Available records:

== Segment start ==

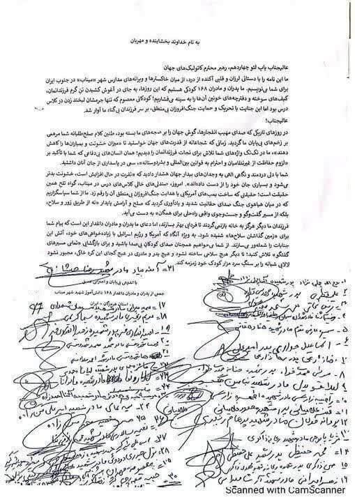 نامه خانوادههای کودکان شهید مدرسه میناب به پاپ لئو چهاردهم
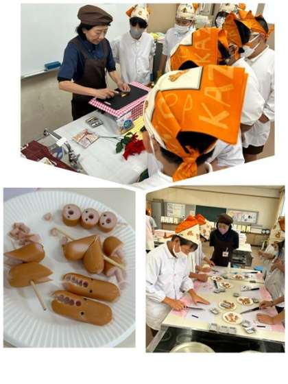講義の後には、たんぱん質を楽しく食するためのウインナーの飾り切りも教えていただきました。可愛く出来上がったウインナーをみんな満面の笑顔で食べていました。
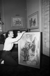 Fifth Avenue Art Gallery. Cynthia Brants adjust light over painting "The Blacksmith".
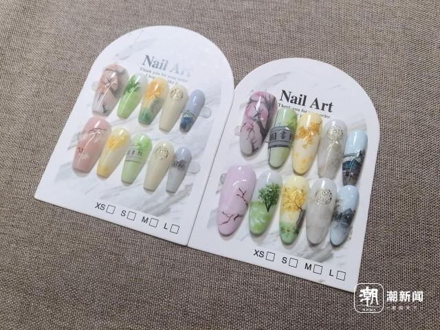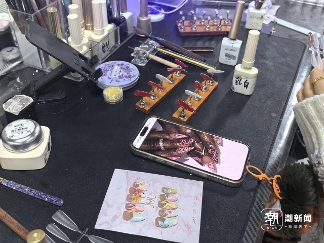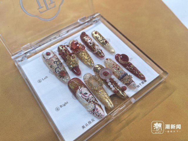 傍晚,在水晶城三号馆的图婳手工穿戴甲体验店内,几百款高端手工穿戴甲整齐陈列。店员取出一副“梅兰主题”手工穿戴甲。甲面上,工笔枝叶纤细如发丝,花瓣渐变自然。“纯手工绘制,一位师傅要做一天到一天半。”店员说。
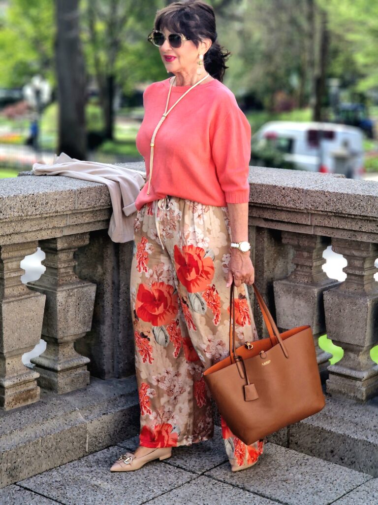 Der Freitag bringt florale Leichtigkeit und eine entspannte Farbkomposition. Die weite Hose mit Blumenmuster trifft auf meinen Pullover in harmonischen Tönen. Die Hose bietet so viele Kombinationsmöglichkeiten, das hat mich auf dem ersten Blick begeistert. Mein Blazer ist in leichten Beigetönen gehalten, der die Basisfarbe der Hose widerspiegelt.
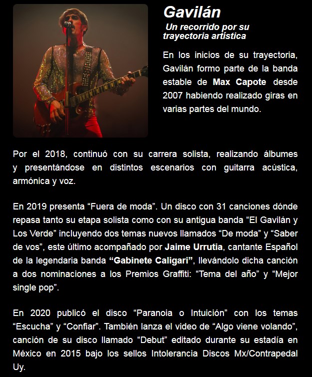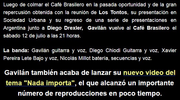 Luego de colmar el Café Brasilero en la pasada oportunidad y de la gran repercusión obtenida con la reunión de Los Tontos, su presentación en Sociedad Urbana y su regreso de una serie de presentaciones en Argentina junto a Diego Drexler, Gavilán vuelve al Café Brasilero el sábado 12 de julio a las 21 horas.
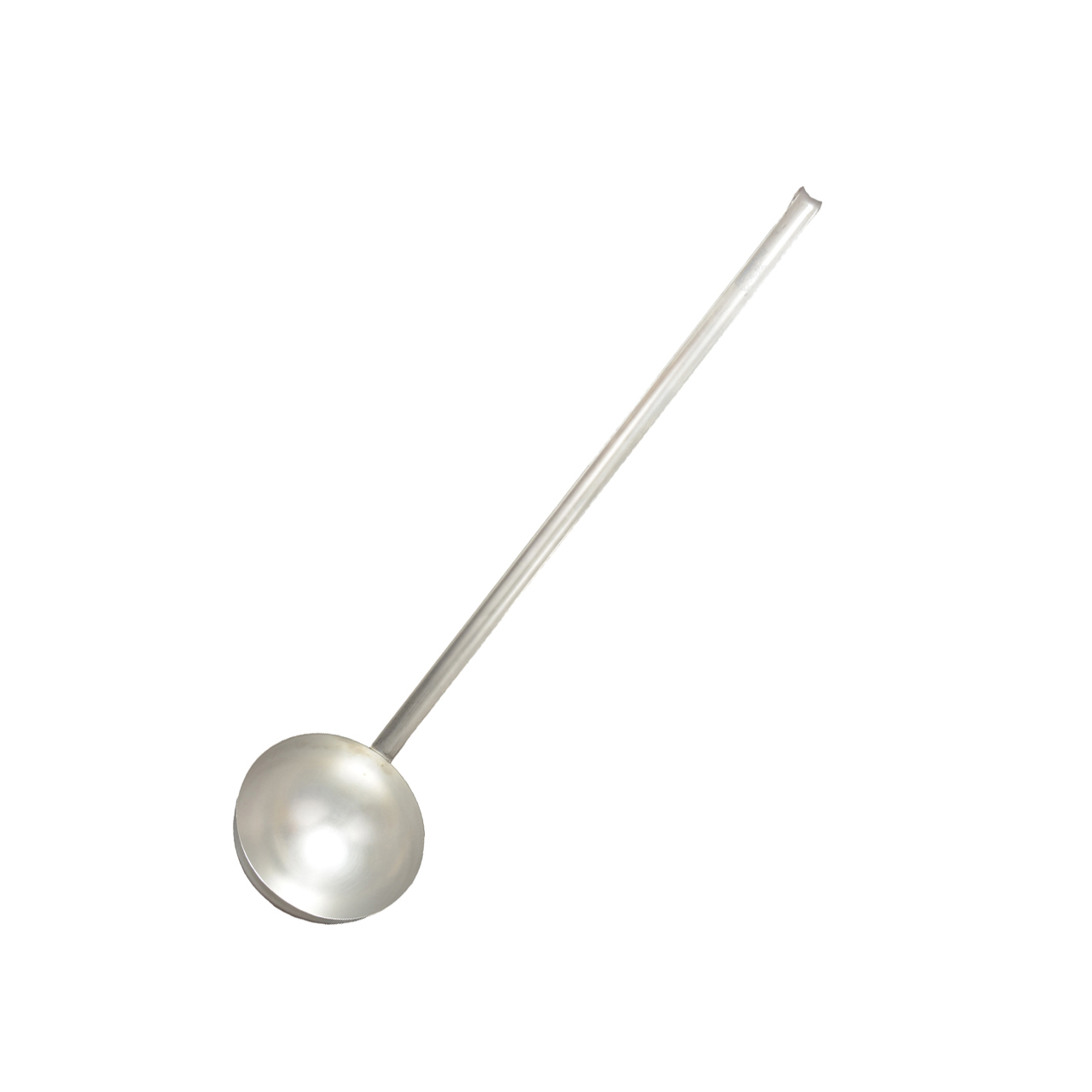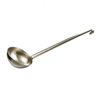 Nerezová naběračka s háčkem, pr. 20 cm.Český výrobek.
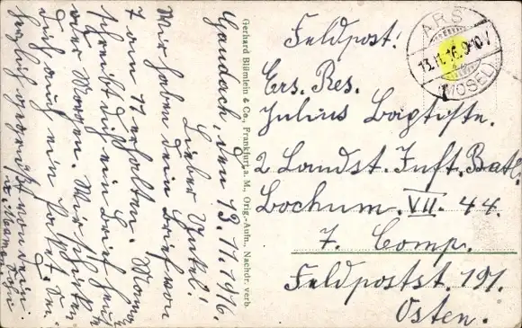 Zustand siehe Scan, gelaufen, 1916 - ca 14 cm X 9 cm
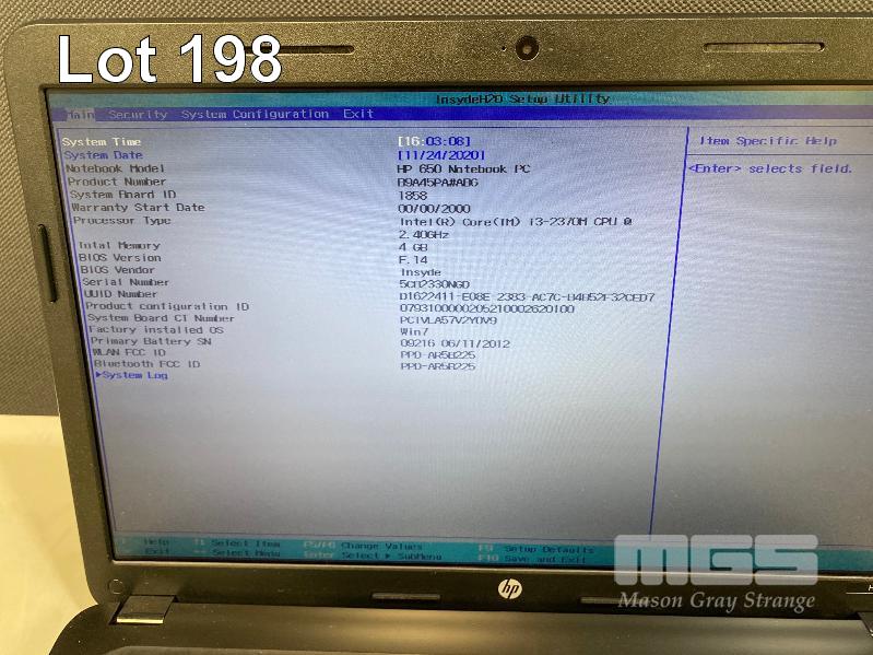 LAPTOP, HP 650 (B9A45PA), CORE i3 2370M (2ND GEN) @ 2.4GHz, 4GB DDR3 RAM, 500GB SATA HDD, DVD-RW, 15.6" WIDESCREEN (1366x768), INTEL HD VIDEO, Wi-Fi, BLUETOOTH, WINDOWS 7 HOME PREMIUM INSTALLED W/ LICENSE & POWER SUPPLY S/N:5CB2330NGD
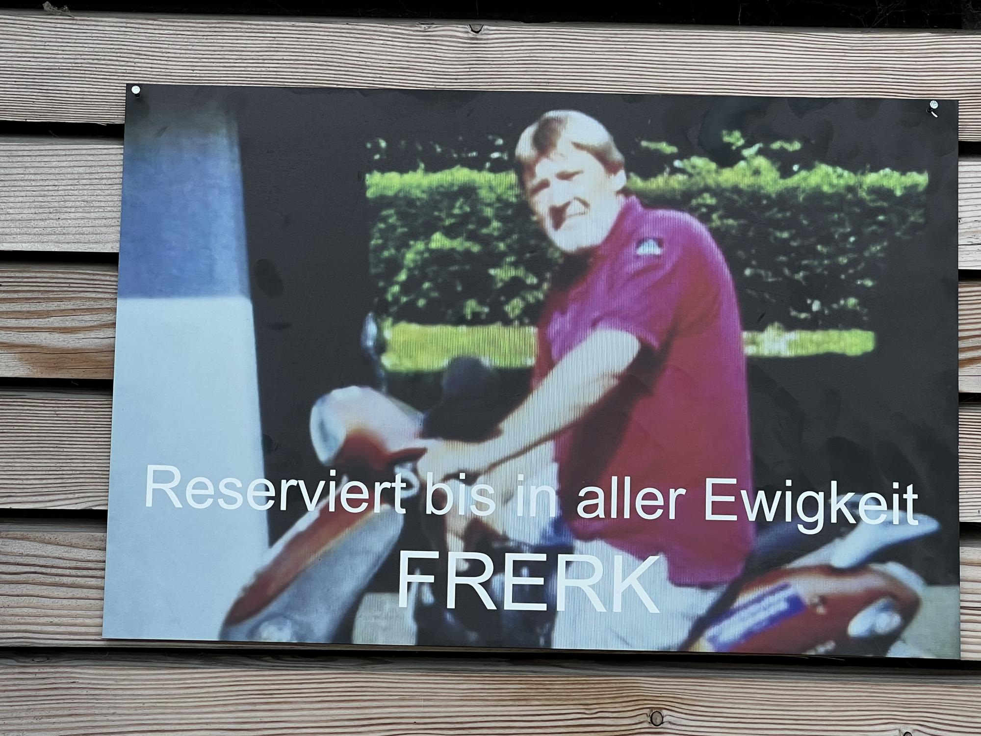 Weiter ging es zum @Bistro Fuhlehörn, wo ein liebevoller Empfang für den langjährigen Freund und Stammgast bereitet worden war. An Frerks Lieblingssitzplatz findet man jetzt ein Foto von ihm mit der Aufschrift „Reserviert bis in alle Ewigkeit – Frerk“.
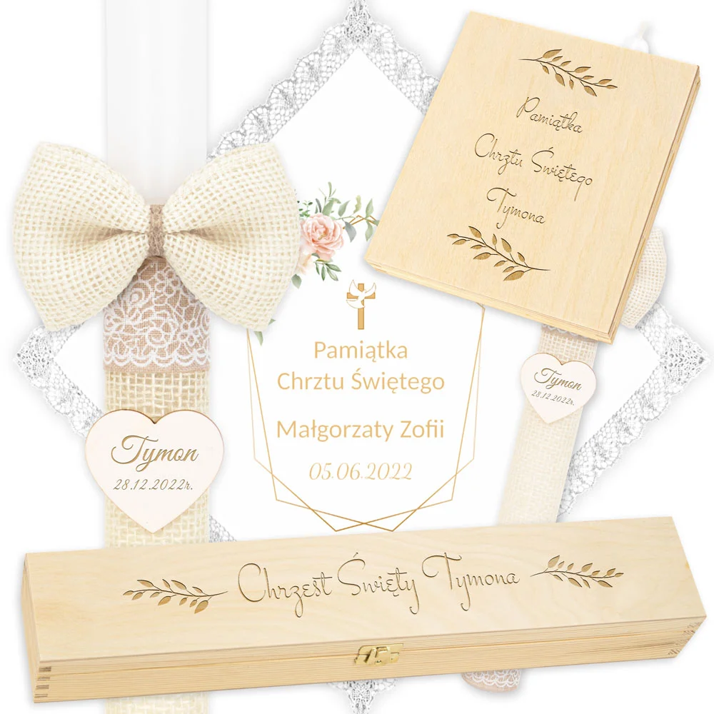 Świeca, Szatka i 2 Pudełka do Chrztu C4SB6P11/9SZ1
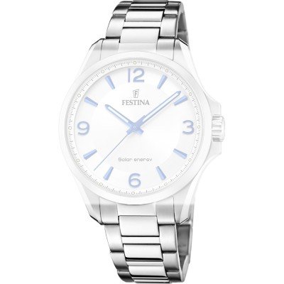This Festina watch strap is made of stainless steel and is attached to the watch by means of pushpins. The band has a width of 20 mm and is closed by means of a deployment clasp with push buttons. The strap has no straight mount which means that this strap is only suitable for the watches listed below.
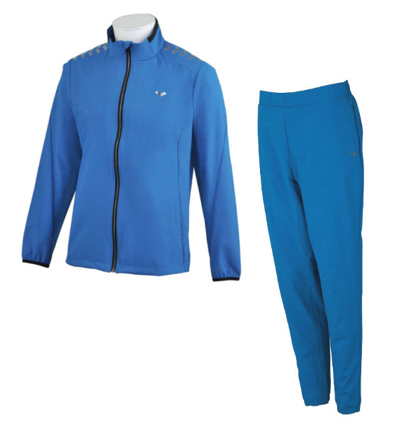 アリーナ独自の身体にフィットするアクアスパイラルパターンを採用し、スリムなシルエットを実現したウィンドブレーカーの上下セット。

== Segment end ==

Each line from the one containing "This Festina watch" down to the final line of the records above must be reproduced exactly; no pictures go into the copy.

Task answer:
This Festina watch strap is made of stainless steel and is attached to the watch by means of pushpins. The band has a width of 20 mm and is closed by means of a deployment clasp with push buttons. The strap has no straight mount which means that this strap is only suitable for the watches listed below.
 アリーナ独自の身体にフィットするアクアスパイラルパターンを採用し、スリムなシルエットを実現したウィンドブレーカーの上下セット。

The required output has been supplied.